Why We Fight DVD
More than three years after its first appearance at the 2005 Sundance Film Festival, where it won the Grand Jury prize, documentarian Eugene Jarecki’s polemic against the American way of war at last makes it to DVD in this country.
Jarecki’s film attempts to map the influence of big business on US foreign policy. It takes, as its starting point, President Dwight D. Eisenhower’s warning, in his 1961 farewell address, about what he called “the military-industrial complex”: the alliance of military professionals, arms industry executives and politicians who together stand to benefit most from continued overseas military activity.
This is a partisan history of the second half of the American century and the beginning of this one, but some facts are indisputable: since WWII, the US has lurched from one conflict to another. Our closest ally really is an exceptionally bellicose nation.
To hear Jarecki and many of his interviewees tell it, this aggression is motivated by the greed and self-interest of a smallish number of conservative hawks who have hoodwinked US citizens by appealing to their patriotism and preying on their fears. Eisenhower, in 1961, called for all Americans to be vigilant, less the country slip from their grasp into the hands of the warmongers and profiteers. Americans have not been vigilant, argues Jarecki’s film. They’ve built an empire on other people’s misery, and now they must watch it crumble.

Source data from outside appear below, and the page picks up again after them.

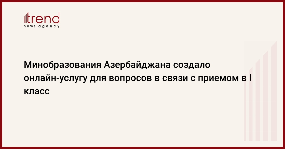 БАКУ /Trend/ - Министерство образования Азербайджана создало онлайн-услугу для вопросов в связи с приемом в I класс, сообщает во вторник Trend со ссылкой на ведомство.
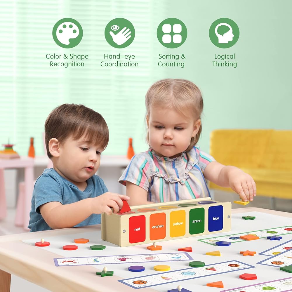 • 💚【Simple & Fun 3-in-1 Learning toy】Learning Shape, Color, Counting -- Develop baby's shape and color recognition by shape sorting games and color matching games. Parents can also use wooden blocks to teach kid counting, or use blocks to create different patterns to stimulate children's imagination. The bottom of this upgraded box provides pegged puzzles for more fun!
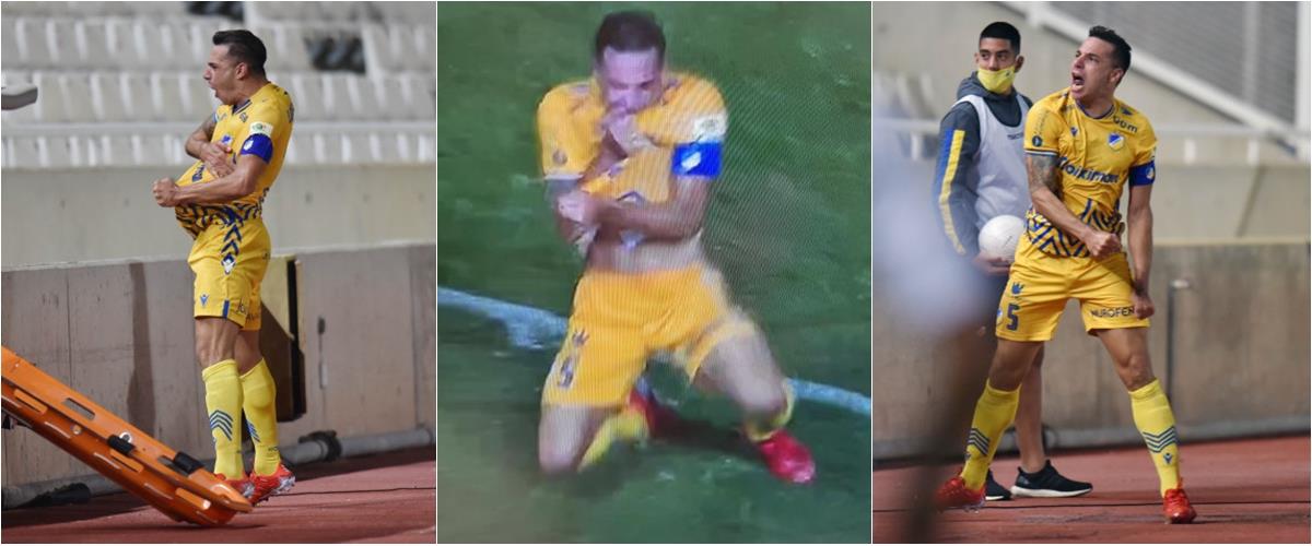 Με την έλευση του γκολ του, ο ίδιος ξέσπασε. Πανηγύρισε με χαρακτηριστικό τρόπο, από τον οποίο από πήγαζε το πάθος. Αμέσως, έτρεξε μπροστά στην Δυτική, έδειχνε και φιλούσε το σήμα του ΑΠΟΕΛ και μάλιστα πριν γονατίσει μπροστά στην κερκίδα το δάγκωσε.
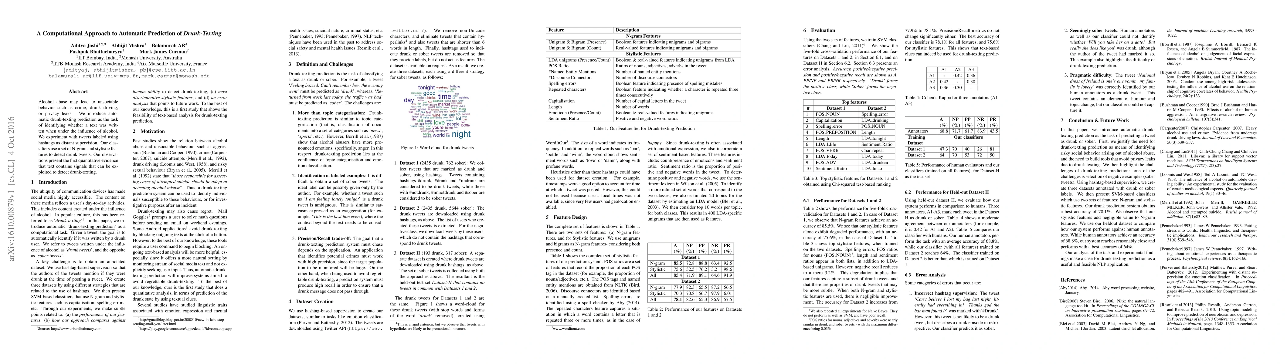 This research proposes a computational method to automatically predict drunk texting by analyzing text features and N-grams. The study uses tweets labeled with hashtags for distant supervision and finds that text contains identifiable signals for detecting drunk-texting, providing initial quantitative evidence for this approach.
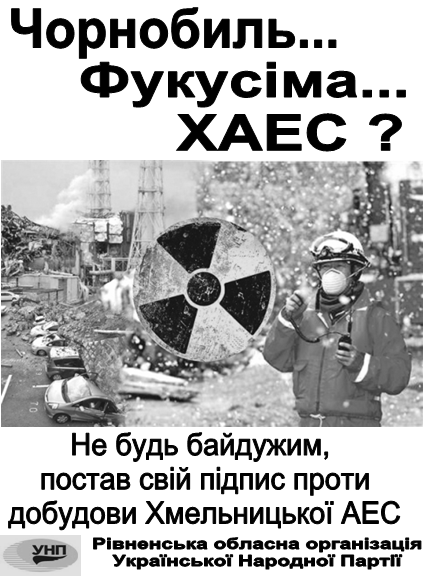 РІВНЕ. УНП збирає електронні підписи проти добудови Хмельницької АЕС
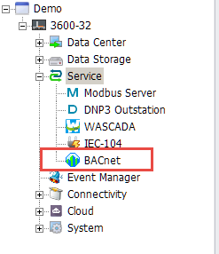 - Double-click "BACnet Server" under "Service" item in the left menu tree to pop up the configuration interface.
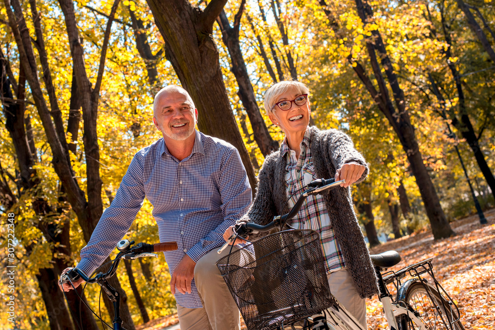 Happy senior man and woman enjoying riding a bike together in autumn park
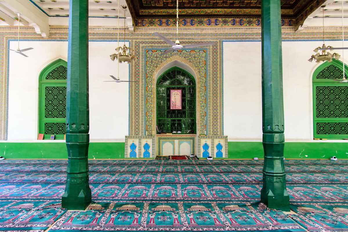 側門,也是平時供人們出入之用的。院落的后面有一排木柵欄,柵欄東側,東西走向人行道的南北兩側,有兩個宣禮塔。塔高6.5米,塔底為長3米,寬2.2米。柵欄全長115米,共有5個木門通向正殿,木柵欄高2.9米,立柱(磚砌)高3.1米,中門高4.1米,兩側立柱高5.2米。版權所有山東聊城聊之旅國際旅行社有限公司,轉載必究!從柵欄的五個門進入禮拜殿,有五個臺階可以上到禮拜殿,禮拜殿分為正殿和外殿,長140米,寬16米,加上向西突出的前廊部分,禮拜殿共2600平米,從中間的八級臺階可直上正殿的前廊。正殿長36.5米,寬10.5米,高8.1米。寺內平時有二、三千人做禮拜,“居瑪日”(星期五)有六七千人;逢節日時在寺內外跪拜的穆斯林可達二三萬人之多。
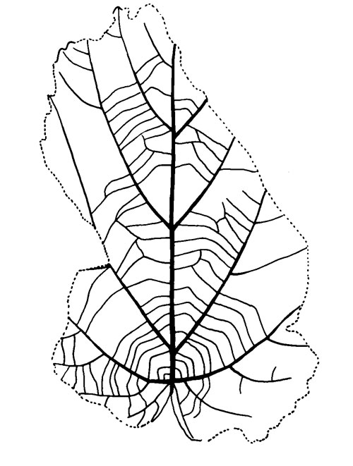 Leaf: simple; symmetrical; shape ovate; apex missing; base cordate; margin crenate except at base where entire, teeth small (< 1.0 mm) irregular in size, apex rounded, sinus rounded; venation basal imperfect marginal actinodromous; primary midvein moderate, more or less straight; a-pectinals depart midvein suprabasally at an angle of 35-45°, may be initially recurved, uniformly curved; a-abmedials given off at an angle of approximately 45°, and curved, tending to be looped; b-pectinals arise at an angle of 90-105°, moderate, more or less uniformly curved with some abrupt changes of curvature at the departure points of the abmedial veins; b-abmedials given off on abmedial (basal) side at an angle of 70-90°, curved and forked and forming arches by joining the superadjacent b-abmedial or branch thereof at an obtuse angle; superior secondaries arising from the midvein at angles of approximately 45°, opposite or nearly so, curved but course somewhat irregular, may give off craspedodromous branches abmedially at 45°; tertiary veins percurrent, transverse, predominantly convex, joining both ad- and abmedial sides of secondaries at acute angles of 90°, concentric to the petiole junction with the lamina, may be forked; fourth order veins forming an orthogonal reticulum.

Why We Fight – ironically titled after a series of Frank Capra-directed propaganda films of the Forties – uses the traditional mixture of talking heads and archive footage to make its points. Big guns from both sides, liberal and neocon, are rolled out, including Gore Vidal, John McCain, Richard Perle, John Eisenhower and Dan Rather. The footage that accompanies these interviews is well chosen and effectively edited.
How you take all of it will depend on where you stand. There’s a strong sense of preaching to the converted about Why We Fight and I found it confirmed my prejudices: right wing bad, peaceniks good. Others may regard it as too close to conspiracy theorising to merit more than passing attention. One thing is certain: the present situation cannot last. America’s stock abroad has never been lower, and that point Why We Fight makes very well.